I have this recurring dream where I’m stuck at a friend’s wedding reception. People are throwing bread, I’m eating key-lime pie and there’s this sense that I’m undoubtedly cooler than everyone else. My apologies — I’m not a blatantly shallow person, but somewhere deep down I know I’m part lagoon. The thing is, I’m not cool, and I don’t even like key-lime pie. Nonetheless, there’s this, “Gah, one day!” mentality that I’ve been clinging to for a while now. What never occurred to me is that there might not be a one day; maybe there are just days.

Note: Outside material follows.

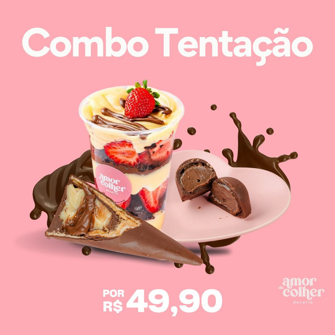 Esse combo é perfeito para quem ama os doces da Amor de Colher e quer experimentar o melhor que temos a oferecer por um preço tentador. leve 1 Copo da Felicidade Tentação de Brownie, 1 Cone Trufado e 1 Trufa e tenha um momento doce.
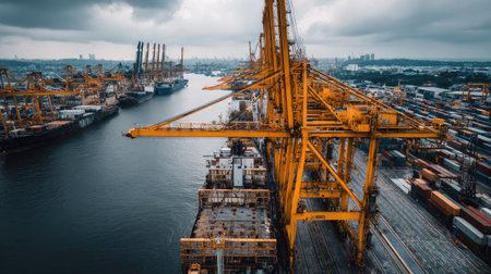 A stunning aerial view showcases cargo ships docked in a busy port area, highlighting the cranes and the bustling industrial landscape under a dramatic cloudy sky.

Founded by Joseph Gordon-Levitt and his late brother Daniel, hitRECord is an online open-collaborative production company built to connect artists across the globe. They put out all kinds of media (albums, stories, videos, etc.), which they’ve coined as “RECords.” Their TV show, “HitRecord on TV,” is brilliant and had a two-season run on Pivot for which it won the 2014 Emmy in Social TV for Outstanding Creative Achievement in Interactive Media. Each 20-minute segment is hosted by Gordon-Levitt, who goes by RegularJOE on the site.

RegularJOE sends out a theme and challenges to go along with it, and people upload various mediums of art in response. Users can combine the work of others or add in layers of their own. In a world where originality gets hyper-competitive — everyone is trying to design better, sing better, write better — hitRECord gives artists a space to build off each other, working in tandem to create something fantastic.

Every episode takes on a different topic. Simply seeking to spark discussion and breed creativity, “HitRecord on TV” lives in the gray areas of existential crises and everyday musings. Gordon-Levitt takes the show through music videos, webcam discussions, short films, open-ended questions and other forms of art similar to the way “Saturday Night Live” travels from skit to skit.

I was completely addicted to this series upon discovering it. I get into these manic phases where I’m so, so desperate to know and feel and understand the world and to know how other people are doing the same thing. It makes me restless, obsessive even. I obsess over what Hilary Duff is up to, despondent movie montages and the way the sunrise drapes that one highway in the most delicate shade of pink.

And so it goes. Lounging around watching the first season, one episode in particular took an unwarranted hold over me: “The Other Side.”

The other side of life, the other side of the screen, the other side of the story — the segment explores all the queries people have about the other side and whether the grass is actually greener or whether someone just hired a killer lawn care service to chemically delude everyone.

My favorite portion of the episode is the music video, “Adieu.” With hand-drawn animation from 22 different artists and lyrics by user joerud, the song is raucously sinister. Lives are ending every which way, and this smooth, honeyed French track drips over the whole saga. Scenes of utter tragedy and madcap fatalities are interspersed with a depiction of Gordon-Levitt drunkenly stumbling around a bar-top. People are going wild, and it’s this enormous celebration of morbidity.

And then it struck me: I’m going to die and so are you. Sorry.

Everyone dies. Everyone. For some reason, this banally obvious fact hit me heavy. I think it’s because I was devoted to this notion that there was a way for life to be perfect. If I could only just find the right person or land in the right place, life could exist perfectly. This was my other side. Ironically enough, watching this animated clip about the real other side is what drove me to the realization that mine isn’t real at all.

I absolutely love the idea of another side, but I also can’t stand it. It makes me feel like I’m not enough, and no one should make you feel like that — especially not yourself. Tomorrow is exhausting to think about, and eventually tomorrow is going to become today: It’s the whopping flank of life. Letting go of the idea that the future is some elusive other side is one of the biggest moments of release I’ve ever felt.

Not to have a, “dude, we’re like alive right now” moment, but dude — we’re, like, alive right now. We all exist in the same world, and we’re all going to leave it at some point. There is no other side; there’s only us. Collaborating and conglomerating and purely coexisting — that’s what we all have, together, here. Let’s create something of it.